- The Washington Times - Tuesday, May 3, 2005

Defense attorneys indicated yesterday that one of four MS-13 gang members on trial for the 2003 slaying of 17-year-old Brenda Paz will testify in court today.

U.S. District Court Judge Gerald Bruce Lee said Oscar Garcia-Orellana, 31, could testify as long as his troubles with immigration authorities were excluded.

The decision opens up the possibility of cross-examination from the other three defendants: Denis Rivera, 21, Ismael J. Cisneros, 25, and Oscar A. Grande, 21.

The four defendants are charged with killing Miss Paz, who was pregnant at the time of her slaying. The suspects are members of Mara Salvatrucha, also known as MS-13 — the largest street gang in Northern Virginia.

Rivera is accused of ordering the other three defendants from his jail cell to kill Miss Paz. At the time of her slaying, Rivera was awaiting trial in the slaying of a rival gang member.

Prosecutors say the four men knew that Miss Paz was talking to police and that she was going to be a witness in Rivera’s murder trial. Witnesses had said gang leaders placed a “green light,” or murder order, on Miss Paz.

Each of the suspects faces capital murder and four other charges, and could receive the death penalty if convicted.

Miss Paz was killed July 13, 2003. Her body was found on the banks of the Shenandoah River four days later.

Yesterday, Mr. Garcia-Orellana’s mother, Natalia Garcia, and his girlfriend Elida Viera, 29, the mother of his two sons, told a jury that neither of them knew that Mr. Garcia-Orellana was involved in a gang.

Mrs. Garcia said through a Spanish interpreter that her son came from El Salvador five years after she did in 1993, and worked at several jobs, including McDonald’s and Red Lobster restaurants.

She told the jury that he lived near her apartment in Fairfax Circle and that she saw him almost every day.

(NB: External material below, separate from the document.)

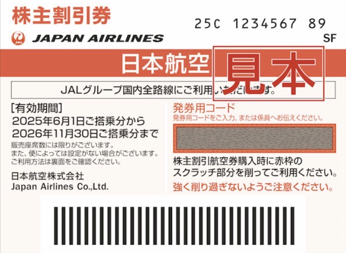 株主優待:100株保有で航空割引券1枚
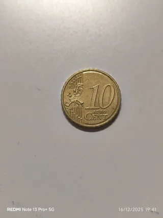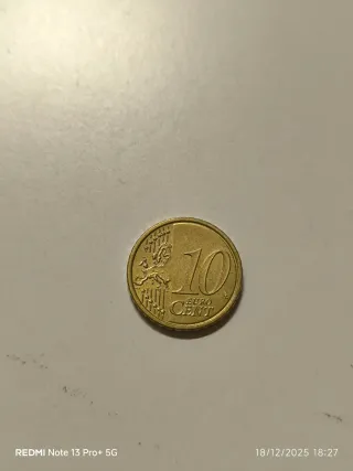 Moneta da 10 centesimi di euro, coniata in Francia nel 1999. - Dritto: raffigurante Marianne, simbolo della Repubblica Francese. - Rovescio: valore nominale e mappa dell'Europa. - Anno di coniazione: 1999.

She said she never saw him with a knife or any other weapon, nor did she have any hint he was an MS-13 member.

“He is a very good father,” a tearful Mrs. Garcia testified.

Miss Viera, also wiping her eyes and testifying through a Spanish interpreter, said she also had no clue that Mr. Garcia-Orellana was a gang member, although she had met several other members, including Mr. Cisneros.

Under cross-examination, Assistant U.S. Attorney Ronald L. Walutes reminded Miss Viera of a telephone conversation she had with Mr. Garcia-Orellana on Feb. 18, 2004. That conversation was recorded.

“I don’t remember this,” Miss Viera told the jury after Mr. Walutes read Mr. Garcia-Orellana’s telephone order to only “talk with [Cisneros], but no one else. No one else. Absolutely no one else.

“I can send them to hell. Do you understand,” Mr. Garcia-Orellana was recorded as saying on the tape.